==== Supplied data ====

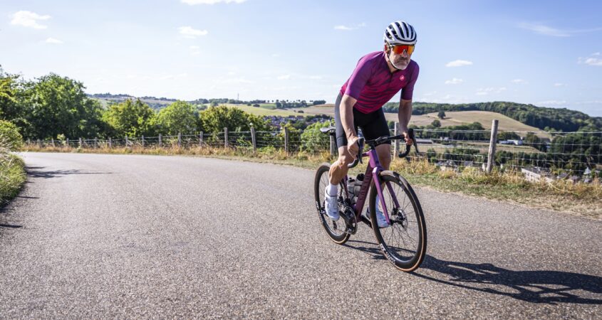 Ik kan op dit moment eigenlijk maar één punt van kritiek bedenken en dat betreft de stuurhouder. Mooi dat er naast mijn Wahoo ook een Garmin op past, maar ik wil hem graag mooi vlak uiteglijnd hebben met de stuurpen, dat is in mijn gedachte nu eenmaal meer aero. Nu torent een Wahoo-fietscomputer er best wat bovenuit. Niet echt een ramp – en voor het lezen van het scherm misschien wel beter – maar kan Canyon wellicht ook een houder speciaal voor Wahoo-bezitters maken? Ik rijd de Gulperberg op via de niet lastige kant, die onderaan stiekem toch nog verdomde lastig is. Eenmaal boven duik ik links weer naar beneden. Ik zet aan en ga plat op mijn fiets liggen. Hij voelt stabiel, precies wat je op dit soort momenten hoopt. Onderaan doen de schrijfremmen wat ze moeten doen. Ik houd de boel prima onder controle. Dit is genieten, hoor. Toch fijn om mijn wat mindere conditie te kunnen verbloemen met een topfiets. Kijk nou, aan het eind van de rit haal ik zelf nog bijna een kommetje.
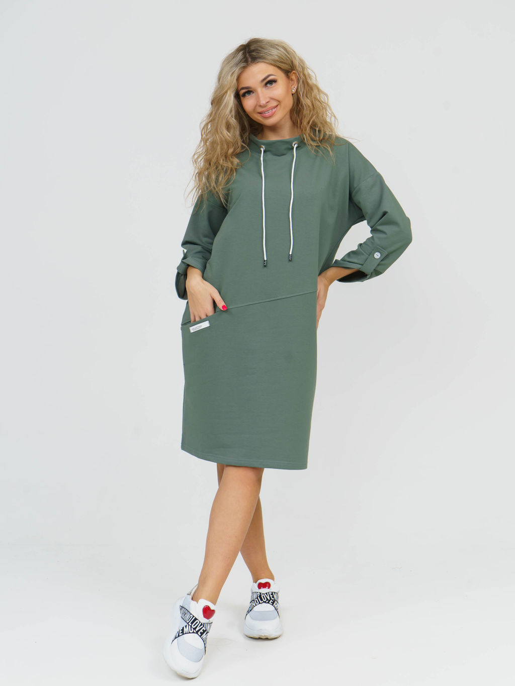 Обратите внимание: фото изделия сделано при искусственном освещении в студии, вживую - цвета могут немного отличаться. Модель прямого силуэта со спущенным плечом, выполнена из трикотажного полотна футера (2-х нитка с лайкрой). Платье с воротником стойкой и с регулируемыми патами на рукавах.  В качестве отделки переда выполнен ассиметричный подрез, в котором расположен прорезной карман. Спинка без конструктивных особенностей. Низ ровный. Завершает образ стильная нашивка на кармане. Любите сочетать в одежде стиль и удобство? Тогда вам понравится это женское длинное платье-водолазка с коротким воротником. Это великолепная нарядная модель, как будто создана для особых моментов, когда нужно чувствовать себя уверенно и изящно. Оно идеально подойдет женщинам, мамам девочек и даже для беременных. Из трикотажного материала, оно обтягивает фигуру, подчеркивая очарование своей обладательницы.
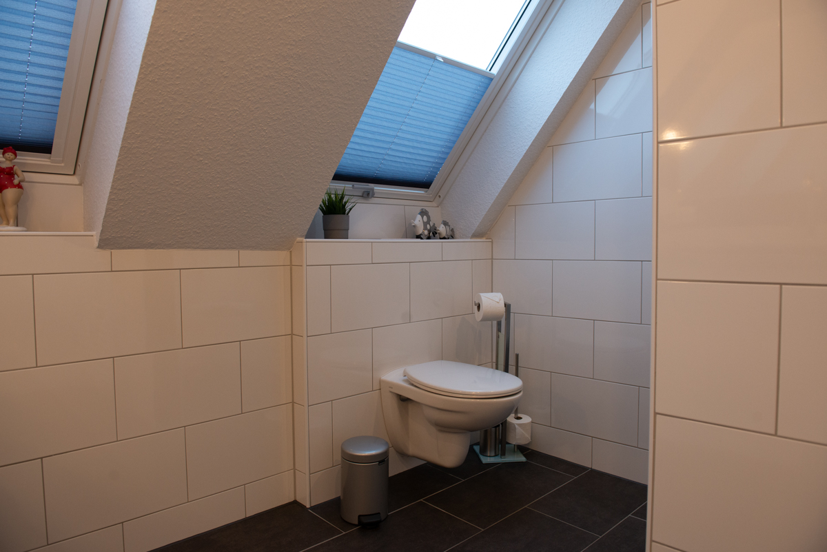 Das moderne Badezimmer mit Veluxfenster verfügt über eine bodenebene Dusche, einem WC, eine Waschtischkombination mit großem Spiegel,Föhn usw.

====

> _Task objective_: Copy out all the data above exactly as written. Skip the pictures.

> _Problem solution_:
 Ik kan op dit moment eigenlijk maar één punt van kritiek bedenken en dat betreft de stuurhouder. Mooi dat er naast mijn Wahoo ook een Garmin op past, maar ik wil hem graag mooi vlak uiteglijnd hebben met de stuurpen, dat is in mijn gedachte nu eenmaal meer aero. Nu torent een Wahoo-fietscomputer er best wat bovenuit. Niet echt een ramp – en voor het lezen van het scherm misschien wel beter – maar kan Canyon wellicht ook een houder speciaal voor Wahoo-bezitters maken? Ik rijd de Gulperberg op via de niet lastige kant, die onderaan stiekem toch nog verdomde lastig is. Eenmaal boven duik ik links weer naar beneden. Ik zet aan en ga plat op mijn fiets liggen. Hij voelt stabiel, precies wat je op dit soort momenten hoopt. Onderaan doen de schrijfremmen wat ze moeten doen. Ik houd de boel prima onder controle. Dit is genieten, hoor. Toch fijn om mijn wat mindere conditie te kunnen verbloemen met een topfiets. Kijk nou, aan het eind van de rit haal ik zelf nog bijna een kommetje.
 Обратите внимание: фото изделия сделано при искусственном освещении в студии, вживую - цвета могут немного отличаться. Модель прямого силуэта со спущенным плечом, выполнена из трикотажного полотна футера (2-х нитка с лайкрой). Платье с воротником стойкой и с регулируемыми патами на рукавах.  В качестве отделки переда выполнен ассиметричный подрез, в котором расположен прорезной карман. Спинка без конструктивных особенностей. Низ ровный. Завершает образ стильная нашивка на кармане. Любите сочетать в одежде стиль и удобство? Тогда вам понравится это женское длинное платье-водолазка с коротким воротником. Это великолепная нарядная модель, как будто создана для особых моментов, когда нужно чувствовать себя уверенно и изящно. Оно идеально подойдет женщинам, мамам девочек и даже для беременных. Из трикотажного материала, оно обтягивает фигуру, подчеркивая очарование своей обладательницы.
 Das moderne Badezimmer mit Veluxfenster verfügt über eine bodenebene Dusche, einem WC, eine Waschtischkombination mit großem Spiegel,Föhn usw.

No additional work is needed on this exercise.